Work instruction — In your copy of the data, include no pictures and alter nothing else.

Data extract —

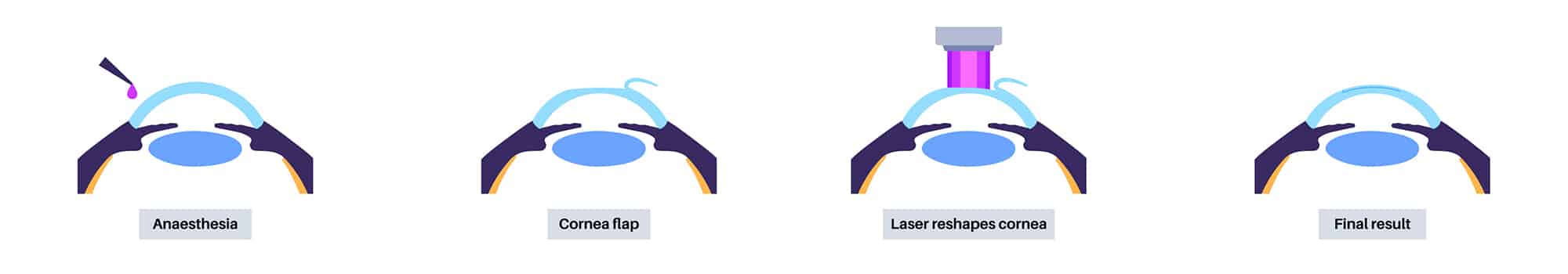In this procedure, the surface layer of corneal tissue is folded back from its usual position. The laser then gently reshapes the corneal surface and the surface layer is placed back in its original position where it bonds naturally.
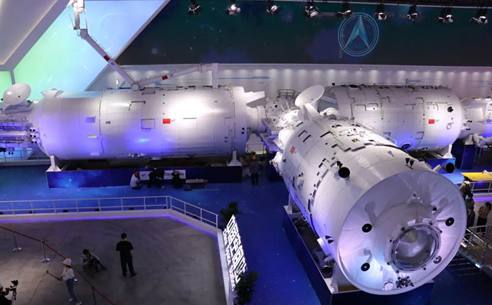 第十四屆中國(guó)航展將迎來(lái)首個(gè)公眾日,航天科技集團(tuán)五院精心打造的中國(guó)空間站組合體1:1展示艙在航展7號(hào)館和大家見面。參展人員可以實(shí)地走進(jìn)艙體內(nèi)部,打卡中國(guó)空間站,感受中國(guó)“太空之家”的恢弘大氣。
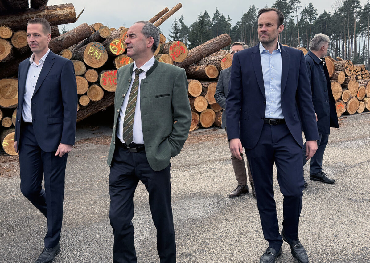 „Wenn es nicht allzu sehr regnet“, erklärt eine freundliche Dame aus der Pressestelle des Ministeriums. Das Wetter hält, der Tross mit dem Minister, Stephan Lang, Geschäftsführer des neuen Sägewerk-Betreibers, der Rettenmeier Holding AG, Andreas Cordes, Geschäftsführer der Cordes GmbH, die wiederum Overhead der Rettenmeier Holding ist, Tobias Reiß, Vizepräsident des Landtags, Landrat Roland Grillmeier, Bürgermeister Lothar Müller und die diversen Medienvertreter setzt sich in Bewegung.

Solution —
In this procedure, the surface layer of corneal tissue is folded back from its usual position. The laser then gently reshapes the corneal surface and the surface layer is placed back in its original position where it bonds naturally.
 第十四屆中國(guó)航展將迎來(lái)首個(gè)公眾日,航天科技集團(tuán)五院精心打造的中國(guó)空間站組合體1:1展示艙在航展7號(hào)館和大家見面。參展人員可以實(shí)地走進(jìn)艙體內(nèi)部,打卡中國(guó)空間站,感受中國(guó)“太空之家”的恢弘大氣。
 „Wenn es nicht allzu sehr regnet“, erklärt eine freundliche Dame aus der Pressestelle des Ministeriums. Das Wetter hält, der Tross mit dem Minister, Stephan Lang, Geschäftsführer des neuen Sägewerk-Betreibers, der Rettenmeier Holding AG, Andreas Cordes, Geschäftsführer der Cordes GmbH, die wiederum Overhead der Rettenmeier Holding ist, Tobias Reiß, Vizepräsident des Landtags, Landrat Roland Grillmeier, Bürgermeister Lothar Müller und die diversen Medienvertreter setzt sich in Bewegung.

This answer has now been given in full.